== RECORDS PROVIDED

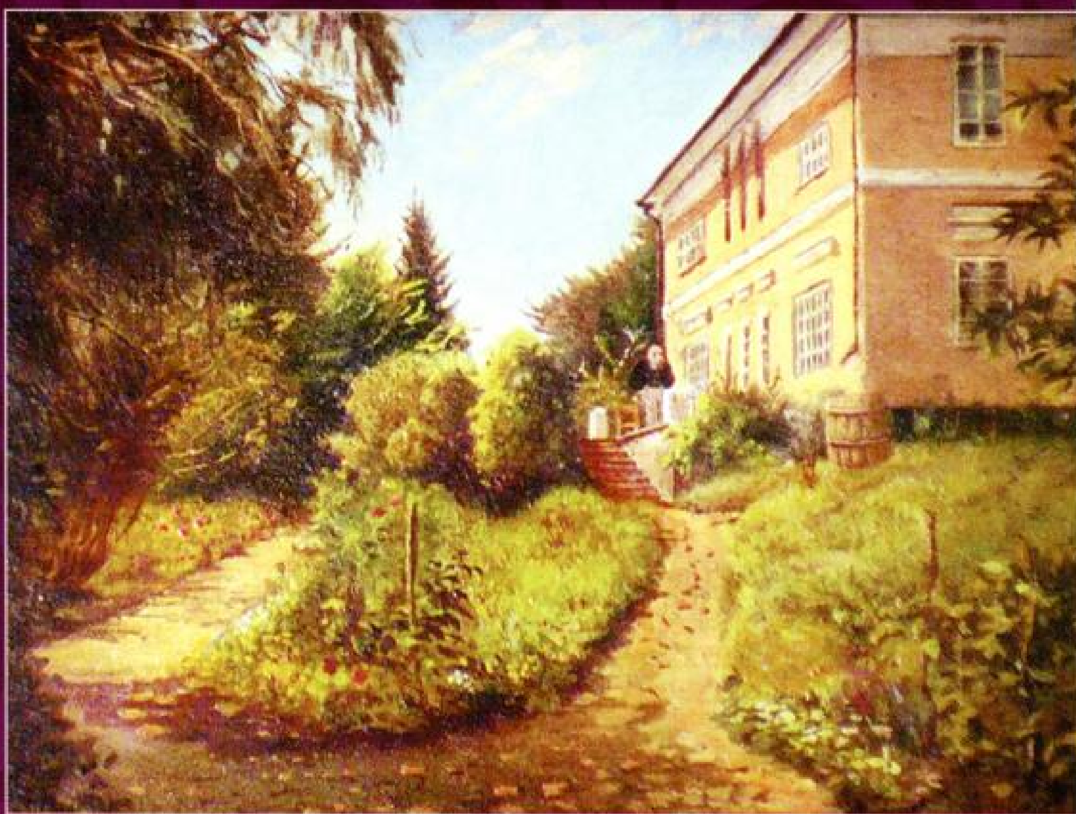
Имение Воробьевка. С акварели Я. Полонского.
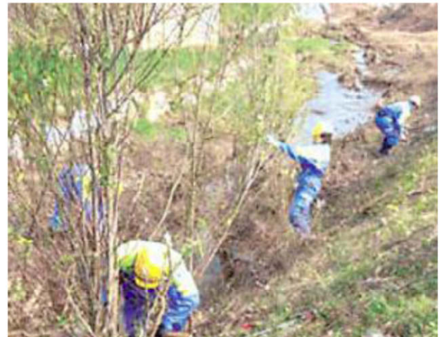
Dagli argini alla messa in sicurezza per il Ponterosso

tecnici sono già in fase avanzata per la progettazione preliminare del secondo lotto e la firma dell'accordo con la Regione Toscana per il tratto compreso fra il cantiere comunale e il ponte Stecco che prevede un investimento di 2.666.000 euro, mentre lo stralcio successivo riguarda il collegamento fra il torrente Ponterosso e il borro della Granchie.
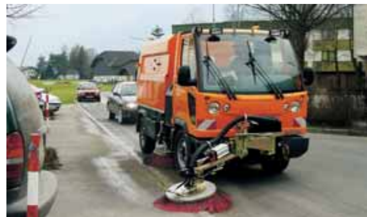
Mit einem Arbeitsdruck von bis zu 300 bar steuern Sie den Volumenstrom für die Saugkehrmaschine komfortabel von der Mittelkonsole aus.
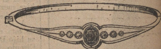
Núm. 2.—Ocho brillantes, diamantes y zafiro. Pesetas 230.
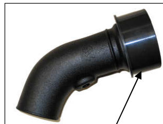
Fig. # 7
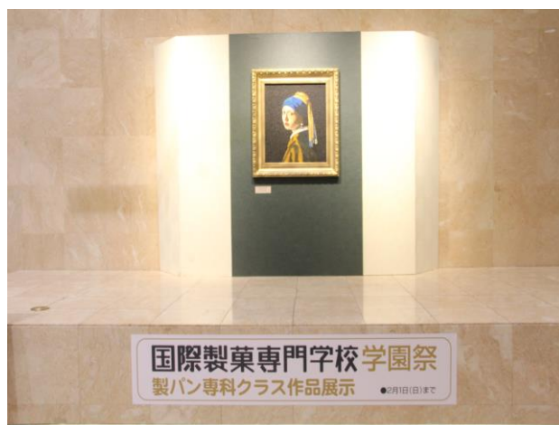
↑写真は、2015年の作品『真珠の耳飾りの少女』
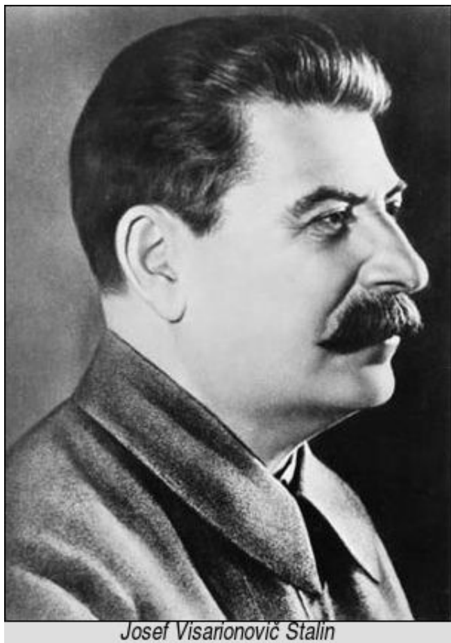
Josef Visarionovič Stalin

Rusko zpět do původního stavu. V době, kdy zakladatel sovětské vlády v r. 1924 zemřel, vše bylo stále ještě velmi křehké. Ekonomika musela být restrukturalizována a v tomto směru vypukl v SSSR boj mezi dvěma myšlenkami, dvěma jedinci, dvěma filosofiemi, o to, jak zemi rozvíjet. Když Lenin ležel ve své rakvi, pustili se do něj Josef Stalin a Lev Trocký, kteří bojovali o to, kdo získá nadvládu nad komunistickou stranou a právo řídit zemi. Není třeba uvádět podrobnosti o životopisu těchto vůdců a všech těch pletkách v sovětské politice, o této problematice existují již tisíce knih. Nás zajímá pochopení klíčových okamžiků v tomto střetu, a co to znamenalo, protože tento boj v kancelářích v Kremlu, daleko od Mnichova, sehrál velkou roli v osudu tehdy neznámého německého kaprála – Adolfa Hitlera.
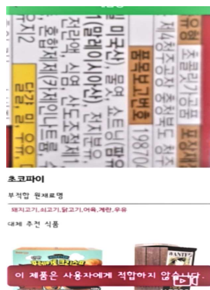
[그림 5] 채식주의자 단계에 부적합 시 화면
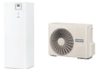
PAC AIR/EAU DOUBLE SERVICE YUTAKI S COMBI
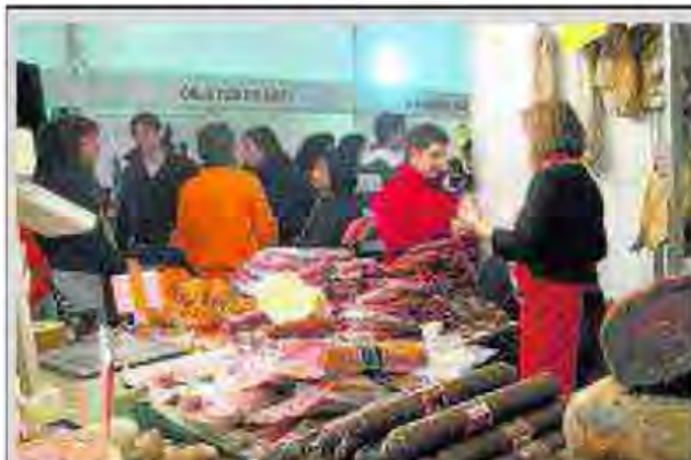
Los puestos de embutidos abundan en la Feria ya que son los productos estrella de la Sierra Norte.
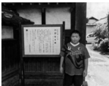
中貫宿本陣の前で
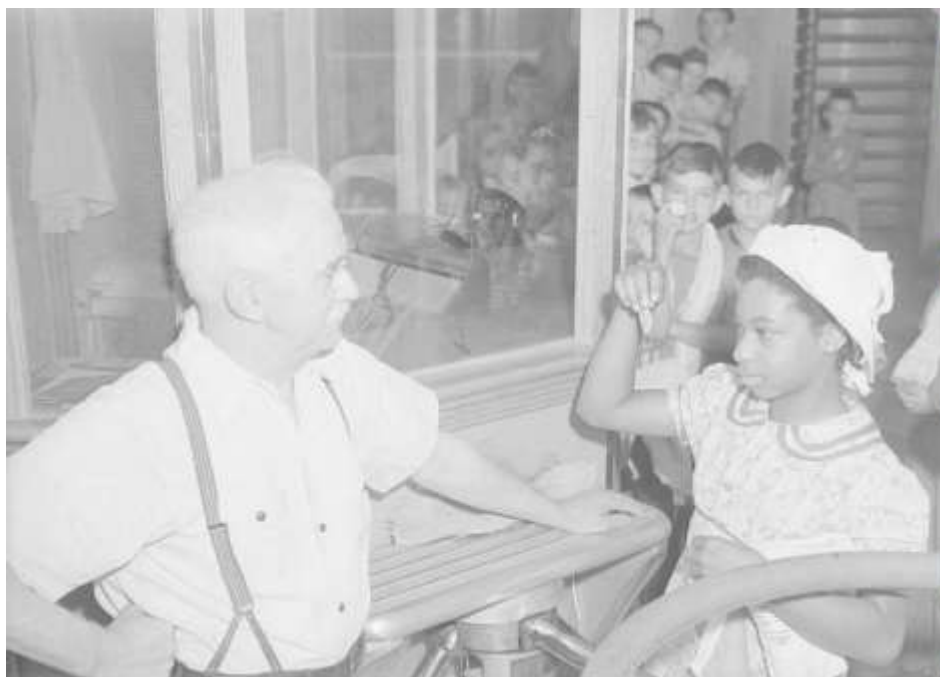
Figure 2.6. Swimming. Verdun Pool. (27 juillet 1943). P48,S1,P9666. Fonds Conrad Poirier. Collection numérique de Bibliothèque et Archives nationales du Québec. Collection Pistard. Centre : Montréal.
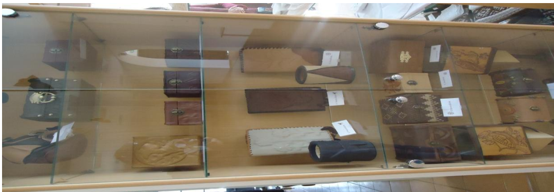
27. Nuotrauka . Šeduvos kultūros ir amatų centras.

I. Grigaliūnaitės, fotografuota Šeduva., Radviliškio r. 2015 04 23
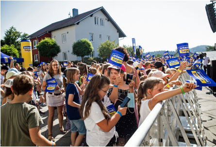
Die Schülerinnen und Schüler waren begeistert
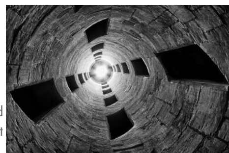
Escalier de Chambord Philippe Flouret
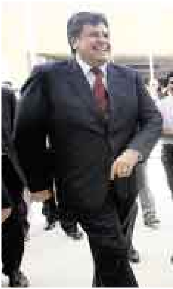
GURÚ. Se abrió el debate sobre el segundo artículo del mandatario.

Es uno de los mejores guionistas del país ['La boca del lobo', 1988; 'La fiesta del chivo', 2005] y acaba de incursionar en la dirección con el thriller psicológico 'Muero por Muriel', de visión obligatoria. Deléitese con sus comentarios
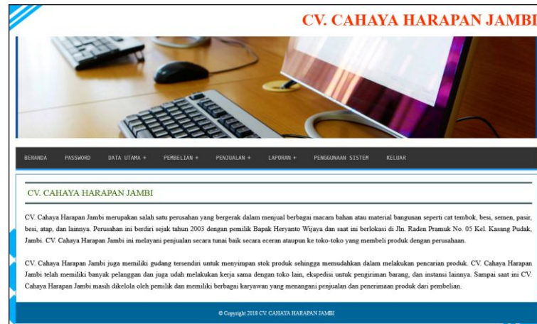
Gambar 5.1 Beranda
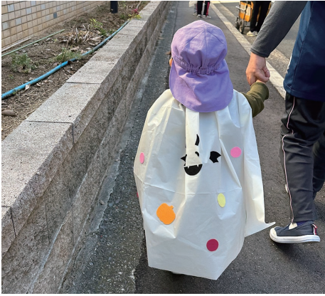
マントを着てお散歩♪
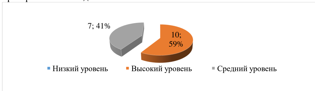
Рис. 3. Результаты общего уровня развития детей по итоговой диагностике в 2025г

С момента поступления ребенка в детский сад я веду мониторинг их развития с помощью целенаправленного наблюдения и педагогической диагностики. Для педагогической диагностики использовалась методика, затем Н. В. Верещагиной. В этом году я попробовала провести диагностику строго по критериям ФГОС и ФОП ДО, представленным в образовательной программе МАДОУ 66, так как в этом случае результаты получаются максимально достоверными и согласуются с результатами наблюдения. Ниже на рисунке 3 представлены результаты педагогической диагностики, проверенные наблюдениями.
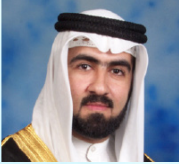
سعادة الدكتور عادل أحمد المرزوقي نائب رئيس مجلس إدارة الشبكة الإقليمية للمسؤولية الاجتماعية مملكة البحرين
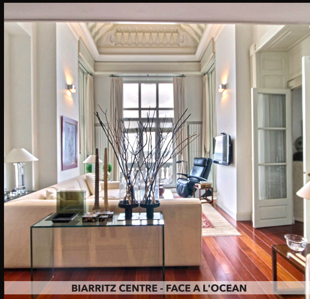
BIARRITZ CENTRE - FACE A L'OCEAN

Au dernier étage d'une résidence de standing avec piscines et tennis. Superbe duplex de 190 m 2 jouissant d'une très belle vue dégagée sur la ville de Biarritz et l'océan au loin. Espace de vie de 80 m 2 , baigné de lumière ouvre sur la terrasse de 268 m 2 . 3 chambres dont une suite parentale, bureau. Entièrement rénové et repensé avec des matériaux de grande qualité. Ascenseur intérieur, 2 garages, 2 caves complètent ce bien rarissime sur Biarritz ! 225 lots, 4800 € de charges / an. Honoraires à la charge du vendeur. DPE : B
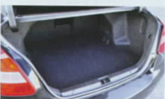
>> Zavazadelník má průměrný objem 461 l
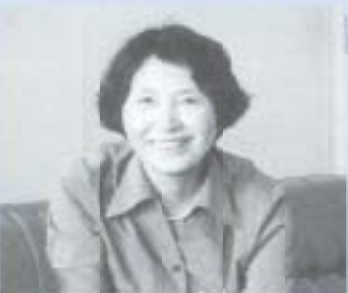
お気持二 お声をおかけください

「土佐の教育改革を考える会」の提案を受けて、学校・家庭・地域の連携により子どもたちの教育力を高めようと、県教育委員会がことしから行っている事業で全国でも初めての試みだからです。
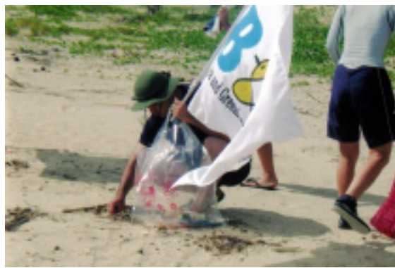
B & Gクリーンフェスティバルで浜辺の清掃にも力を入れました
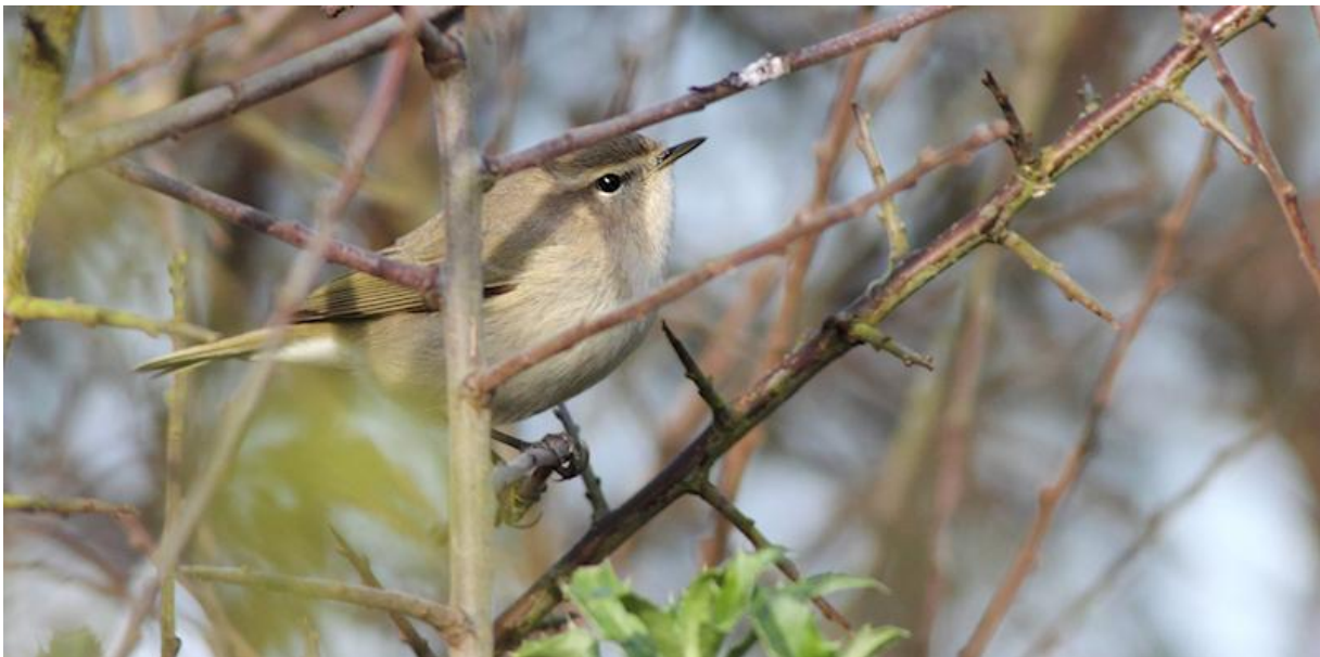
Siberische tjiftjaf – 24/11/2011 – polder Maltha

De maand november was een rustige maand. Pas in de laatste week 'vielen' enkele soorten die bijzonder zijn voor het gebied. Hoewel, op 1 november meldde TM een mogelijke Bastaardarend boven Kruidvlaai. Op 1 november passeerde een Rode wouw de Tongplaat (HG). In november waren er nog zeven meldingen van overvliegende Ruigpootbuizerds in het gebied. Een Roodhalsfuut werd vanaf de 2 e gezien op spaarbekken De Gijster (TM); niet de enige, want op 28/11 was de soort te vinden op de vaste overwinteringsplek: het Gat van de Visschen (TE). De laatste Tapuit werd op dezelfde dag gemeld in polder Hardenhoek (PS). Op 9/11 was een Velduil te zien in polder Hardenhoek (HG, JD). Over deze polder vloog op dezelfde dag de tweede juveniele Kleine jager van dit jaar (HO). Een late Visarend vloog op 11/11 over De Kwellingen bij Werkendam (PV). Op de 12 e hoorde TE een eenzame Kraanvogel 's avonds over polder Maltha vliegen. Het aantal Goudplevieren liep deze maand in polder Hardenhoek op tot 105 op 9/11 (HW). Op 24/11 ontdekte AJ een luid roepende Siberische tjiftjaf bij de kijkhut van polder Maltha. De vogel kon in de dagen erna goed worden bekeken, gefotografeerd en de roep kon worden opgenomen. Het betrof het eerste goed gedocumenteerde geval voor de Biesbosch en het tweede geval voor Noord-Brabant. Twee winters terug werd deze soort kortstondig gezien langs de Hilweg (TM) en ook in 2004 en 1995 waren er claims in het werkgebied.
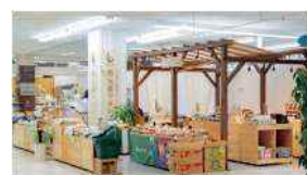
地元産マルシェ「LaLa フラン」

====

» **WHAT THE EXERCISE ASKS**: Reproduce each line above precisely, with no pictures.

» **TASK SOLUTION**:
Имение Воробьевка. С акварели Я. Полонского.
Dagli argini alla messa in sicurezza per il Ponterosso

tecnici sono già in fase avanzata per la progettazione preliminare del secondo lotto e la firma dell'accordo con la Regione Toscana per il tratto compreso fra il cantiere comunale e il ponte Stecco che prevede un investimento di 2.666.000 euro, mentre lo stralcio successivo riguarda il collegamento fra il torrente Ponterosso e il borro della Granchie.
Mit einem Arbeitsdruck von bis zu 300 bar steuern Sie den Volumenstrom für die Saugkehrmaschine komfortabel von der Mittelkonsole aus.
Núm. 2.—Ocho brillantes, diamantes y zafiro. Pesetas 230.
Fig. # 7
↑写真は、2015年の作品『真珠の耳飾りの少女』
Josef Visarionovič Stalin

Rusko zpět do původního stavu. V době, kdy zakladatel sovětské vlády v r. 1924 zemřel, vše bylo stále ještě velmi křehké. Ekonomika musela být restrukturalizována a v tomto směru vypukl v SSSR boj mezi dvěma myšlenkami, dvěma jedinci, dvěma filosofiemi, o to, jak zemi rozvíjet. Když Lenin ležel ve své rakvi, pustili se do něj Josef Stalin a Lev Trocký, kteří bojovali o to, kdo získá nadvládu nad komunistickou stranou a právo řídit zemi. Není třeba uvádět podrobnosti o životopisu těchto vůdců a všech těch pletkách v sovětské politice, o této problematice existují již tisíce knih. Nás zajímá pochopení klíčových okamžiků v tomto střetu, a co to znamenalo, protože tento boj v kancelářích v Kremlu, daleko od Mnichova, sehrál velkou roli v osudu tehdy neznámého německého kaprála – Adolfa Hitlera.
[그림 5] 채식주의자 단계에 부적합 시 화면
PAC AIR/EAU DOUBLE SERVICE YUTAKI S COMBI
Los puestos de embutidos abundan en la Feria ya que son los productos estrella de la Sierra Norte.
中貫宿本陣の前で
Figure 2.6. Swimming. Verdun Pool. (27 juillet 1943). P48,S1,P9666. Fonds Conrad Poirier. Collection numérique de Bibliothèque et Archives nationales du Québec. Collection Pistard. Centre : Montréal.
27. Nuotrauka . Šeduvos kultūros ir amatų centras.

I. Grigaliūnaitės, fotografuota Šeduva., Radviliškio r. 2015 04 23
Die Schülerinnen und Schüler waren begeistert
Escalier de Chambord Philippe Flouret
GURÚ. Se abrió el debate sobre el segundo artículo del mandatario.

Es uno de los mejores guionistas del país ['La boca del lobo', 1988; 'La fiesta del chivo', 2005] y acaba de incursionar en la dirección con el thriller psicológico 'Muero por Muriel', de visión obligatoria. Deléitese con sus comentarios
Gambar 5.1 Beranda
マントを着てお散歩♪
Рис. 3. Результаты общего уровня развития детей по итоговой диагностике в 2025г

С момента поступления ребенка в детский сад я веду мониторинг их развития с помощью целенаправленного наблюдения и педагогической диагностики. Для педагогической диагностики использовалась методика, затем Н. В. Верещагиной. В этом году я попробовала провести диагностику строго по критериям ФГОС и ФОП ДО, представленным в образовательной программе МАДОУ 66, так как в этом случае результаты получаются максимально достоверными и согласуются с результатами наблюдения. Ниже на рисунке 3 представлены результаты педагогической диагностики, проверенные наблюдениями.
سعادة الدكتور عادل أحمد المرزوقي نائب رئيس مجلس إدارة الشبكة الإقليمية للمسؤولية الاجتماعية مملكة البحرين
BIARRITZ CENTRE - FACE A L'OCEAN

Au dernier étage d'une résidence de standing avec piscines et tennis. Superbe duplex de 190 m 2 jouissant d'une très belle vue dégagée sur la ville de Biarritz et l'océan au loin. Espace de vie de 80 m 2 , baigné de lumière ouvre sur la terrasse de 268 m 2 . 3 chambres dont une suite parentale, bureau. Entièrement rénové et repensé avec des matériaux de grande qualité. Ascenseur intérieur, 2 garages, 2 caves complètent ce bien rarissime sur Biarritz ! 225 lots, 4800 € de charges / an. Honoraires à la charge du vendeur. DPE : B
>> Zavazadelník má průměrný objem 461 l
お気持二 お声をおかけください

「土佐の教育改革を考える会」の提案を受けて、学校・家庭・地域の連携により子どもたちの教育力を高めようと、県教育委員会がことしから行っている事業で全国でも初めての試みだからです。
B & Gクリーンフェスティバルで浜辺の清掃にも力を入れました
Siberische tjiftjaf – 24/11/2011 – polder Maltha

De maand november was een rustige maand. Pas in de laatste week 'vielen' enkele soorten die bijzonder zijn voor het gebied. Hoewel, op 1 november meldde TM een mogelijke Bastaardarend boven Kruidvlaai. Op 1 november passeerde een Rode wouw de Tongplaat (HG). In november waren er nog zeven meldingen van overvliegende Ruigpootbuizerds in het gebied. Een Roodhalsfuut werd vanaf de 2 e gezien op spaarbekken De Gijster (TM); niet de enige, want op 28/11 was de soort te vinden op de vaste overwinteringsplek: het Gat van de Visschen (TE). De laatste Tapuit werd op dezelfde dag gemeld in polder Hardenhoek (PS). Op 9/11 was een Velduil te zien in polder Hardenhoek (HG, JD). Over deze polder vloog op dezelfde dag de tweede juveniele Kleine jager van dit jaar (HO). Een late Visarend vloog op 11/11 over De Kwellingen bij Werkendam (PV). Op de 12 e hoorde TE een eenzame Kraanvogel 's avonds over polder Maltha vliegen. Het aantal Goudplevieren liep deze maand in polder Hardenhoek op tot 105 op 9/11 (HW). Op 24/11 ontdekte AJ een luid roepende Siberische tjiftjaf bij de kijkhut van polder Maltha. De vogel kon in de dagen erna goed worden bekeken, gefotografeerd en de roep kon worden opgenomen. Het betrof het eerste goed gedocumenteerde geval voor de Biesbosch en het tweede geval voor Noord-Brabant. Twee winters terug werd deze soort kortstondig gezien langs de Hilweg (TM) en ook in 2004 en 1995 waren er claims in het werkgebied.
地元産マルシェ「LaLa フラン」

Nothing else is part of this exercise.